La structure est composée d’une grande façade maçonnée (schéma 1 – larg. 6,50 m et haut. 4,65 m) disposant au centre (photo 6) d’une entrée en tunnel (larg. 1,95 m et haut. 2,30 m). De part et d’autre de cette entrée, des murets soutiennent les talus qui viennent encercler le pied de la façade jusqu’aux piédroits de l’entrée. Celle-ci est construite avec une voute en berceau (photo 7) débouchant au fond sur une trappe technique (chauffe et aération) qui ouvre sous la sole de la chambre de réduction.
La chambre de réduction (schéma 2) est de forme cylindrique (diam. moy. 2,45 m et haut. 4,50 m) et placée au centre de l’édifice en arrière à 2 m de distance de la façade.

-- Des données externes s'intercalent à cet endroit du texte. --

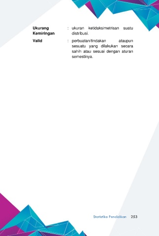 Ukurang : ukuran ketidaksimetrisan suatu Kemiringan distribusi. Valid : perbuatan/tindakan ataupun sesuatu yang dilakukan secara sahih atau sesuai dengan aturan semestinya. Statistika Pendidikan 253

Au sommet de la rupture de pente, à mi-hauteur de la chambre de réduction ont été placés les deux accès latéraux en entonnoir (schéma 3) au fond desquelles sont disposées les portes de déchargement de la chaux. Derrière la chambre de combustion, en opposition à la façade du four, un talus de terre sert de dispositif de contention et de rampe d’accès à la plateforme sommitale par laquelle s’effectuait le chargement du calcaire à réduire.
Le four – façade, murs latéraux, chambre de combustion – a été majoritairement parementé en assises réglées, sans régularité (opus incertum), de moellons en calcaire montés en panneresse et liés au mortier de chaux. Dans le détail, on s’aperçoit que la qualité et la taille des moellons varient tous les 8 à 10 assises, indiquant un approvisionnement et un remploi de matériaux issus sans doute de plusieurs édifices démantelés (photo 8). Les angles sont en revanche chainés en bel appareil calcaire (photo 9).

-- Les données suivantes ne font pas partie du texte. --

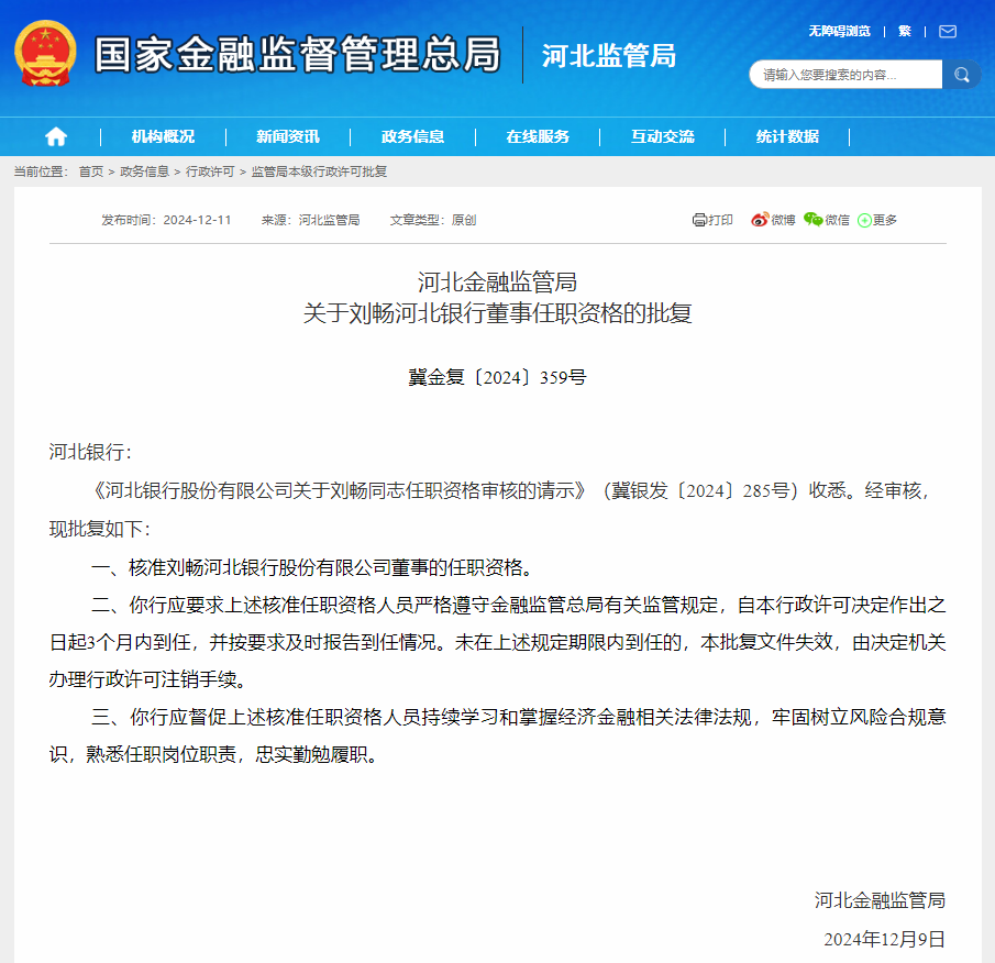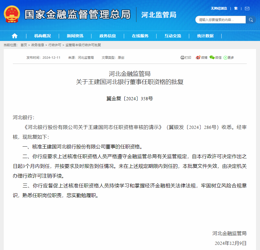 据国家金融监督管理总局网站消息,河北金融监管局核准王建国、刘畅河北银行董事的任职资格。

La voute de l’entrée en façade est réalisée en plein cintre et met en œuvre des voussoirs composites, intégrant différentes tailles de moellons (photo 10). A l’intérieur du tunnel, l’intrados de la voute en berceau a conservé, dans le mortier coulé, les empreintes des planches de coffrage qui ont servi à sa construction. Si la majeure partie du mur de fond est construite en moellons calcaire, l’encadrement de la trappe est lui réalisé en briques réfractaires.
Au niveau des deux accès latéraux, des monolithes de calcaire sont utilisés en linteaux au-dessus des portes de déchargement (photo 11). L’encadrement des deux portes a été réalisé avec des bandages métalliques de roues de chariots formant des arceaux en plein cintre (photo 12).
De grandes dalles devaient également servir de couverture en s’engageant de quelques centimètres dans les murs latéraux et en reposant sur une assise de réglage en moellons calcaire. Ces dalles servaient également à supporter le remblai de terre formant la plateforme de chargement. Les piédroits de ces deux accès conservent la trace des linteaux en monolithe de calcaire engagés dans la maçonnerie, et récupérés après l’abandon du four.
La sole a conservée sa grille métallique qui a été fabriquée avec des tronçons de rails de chemin de fer et des bandages de roues de chariot recyclés (photo 13). Celle-ci supportait un lit de moellons en calcaire grossiers, recouverts d’une épaisse couche d’argile cuite (rubéfiée) par les chauffes successives (photo 14).
A son affleurement au niveau du sol de la plateforme de chargement, le sommet de la maçonnerie de la chambre de combustion est coiffé par un solin en plaque de schiste.